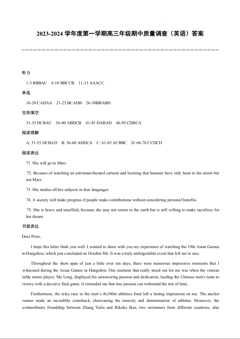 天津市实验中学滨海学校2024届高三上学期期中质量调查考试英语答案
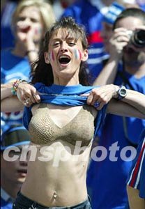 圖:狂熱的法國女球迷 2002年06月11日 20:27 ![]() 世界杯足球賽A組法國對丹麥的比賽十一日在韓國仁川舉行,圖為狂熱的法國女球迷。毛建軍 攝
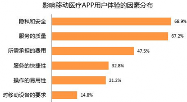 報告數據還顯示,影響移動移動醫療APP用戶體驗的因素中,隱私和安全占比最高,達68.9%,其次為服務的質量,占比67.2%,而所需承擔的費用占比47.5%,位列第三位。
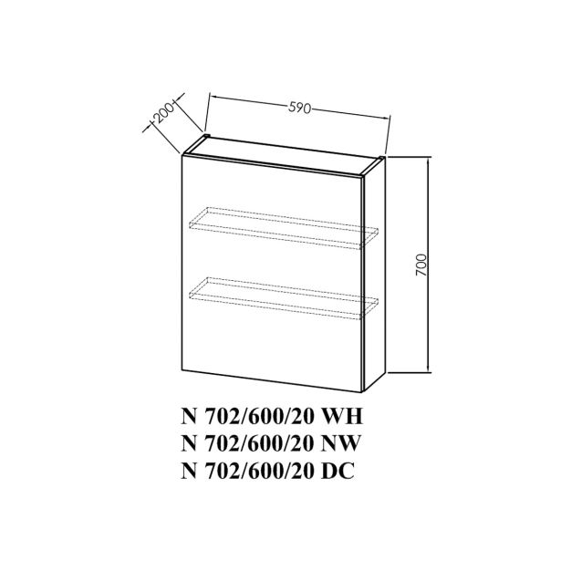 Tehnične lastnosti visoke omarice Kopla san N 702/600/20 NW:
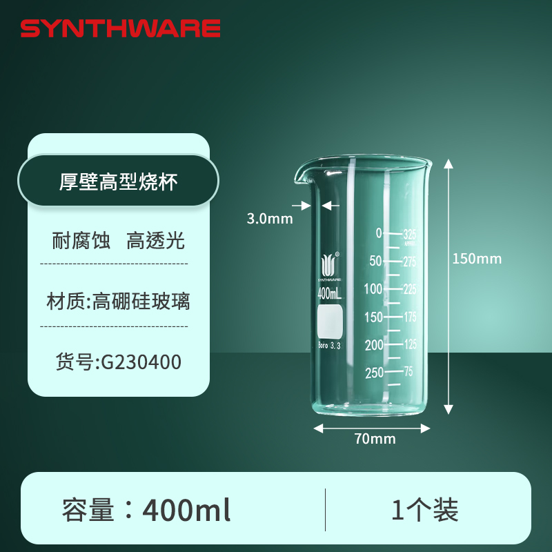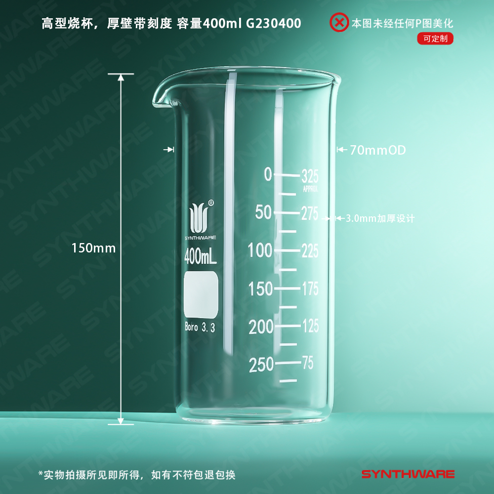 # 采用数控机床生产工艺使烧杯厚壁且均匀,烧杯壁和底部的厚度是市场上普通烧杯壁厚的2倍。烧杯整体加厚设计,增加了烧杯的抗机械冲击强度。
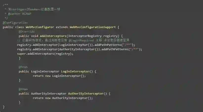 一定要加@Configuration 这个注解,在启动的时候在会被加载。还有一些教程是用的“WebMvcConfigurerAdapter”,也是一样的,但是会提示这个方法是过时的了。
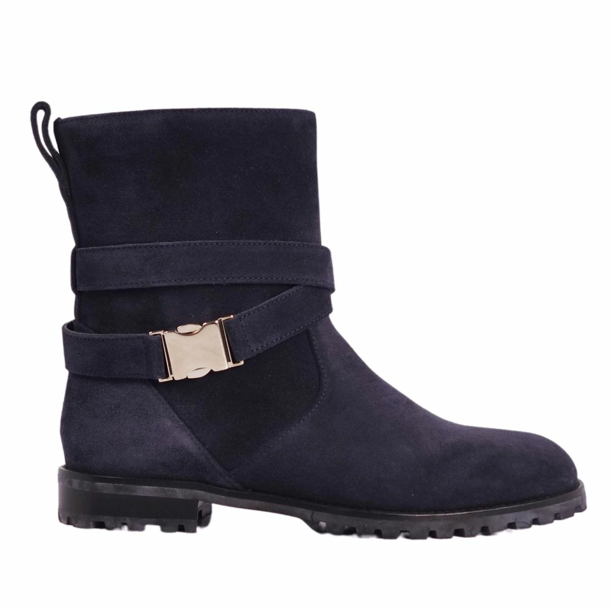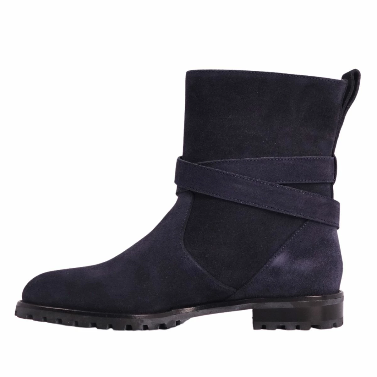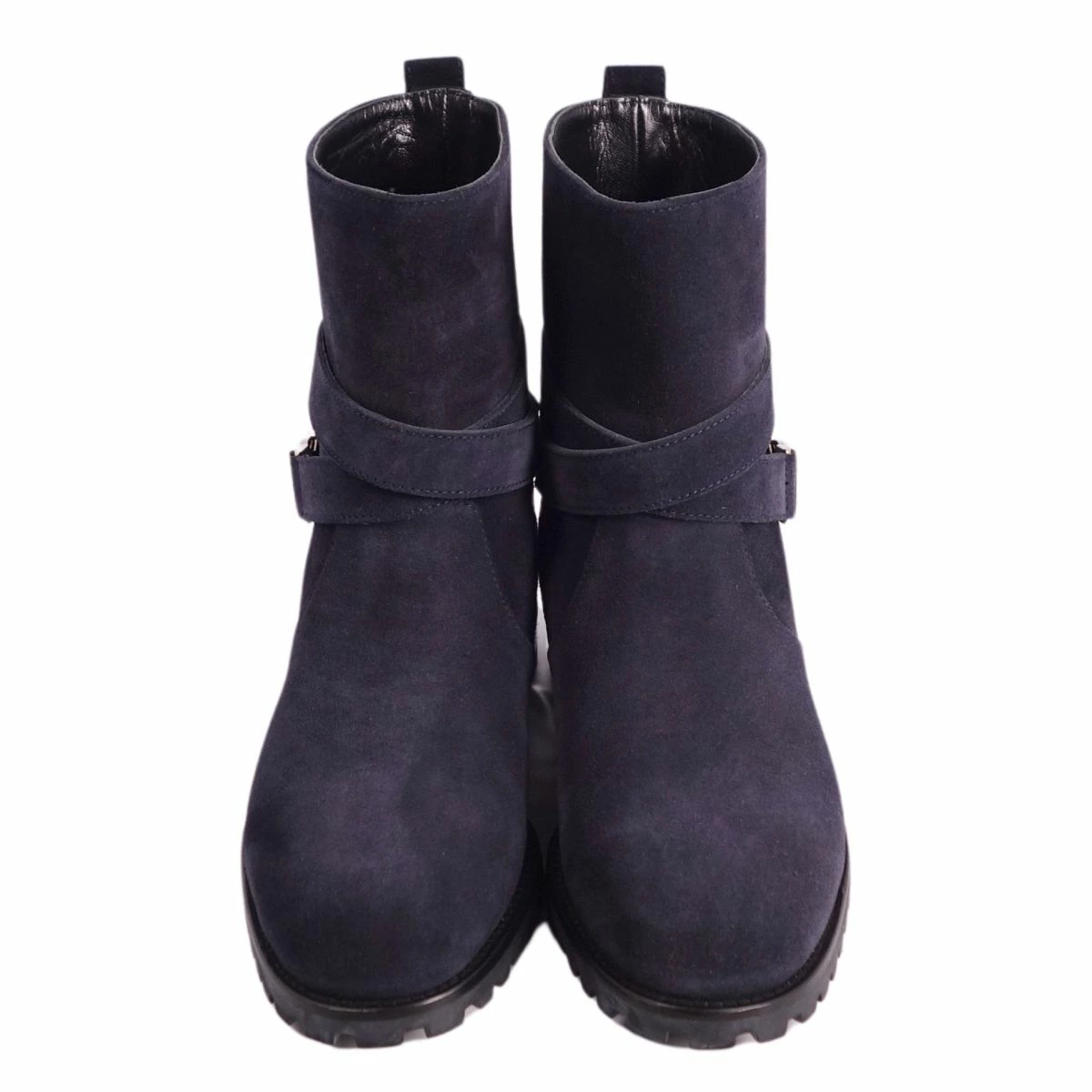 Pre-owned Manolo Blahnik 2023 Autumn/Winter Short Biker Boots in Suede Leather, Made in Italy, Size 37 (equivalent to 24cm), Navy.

_ _ _

Where the line containing "# 采用数控机床生产工艺使烧" appears, begin writing out the lines exactly, and continue through the end of the material above, omitting pictures.

 # 采用数控机床生产工艺使烧杯厚壁且均匀,烧杯壁和底部的厚度是市场上普通烧杯壁厚的2倍。烧杯整体加厚设计,增加了烧杯的抗机械冲击强度。
 一定要加@Configuration 这个注解,在启动的时候在会被加载。还有一些教程是用的“WebMvcConfigurerAdapter”,也是一样的,但是会提示这个方法是过时的了。
 Pre-owned Manolo Blahnik 2023 Autumn/Winter Short Biker Boots in Suede Leather, Made in Italy, Size 37 (equivalent to 24cm), Navy.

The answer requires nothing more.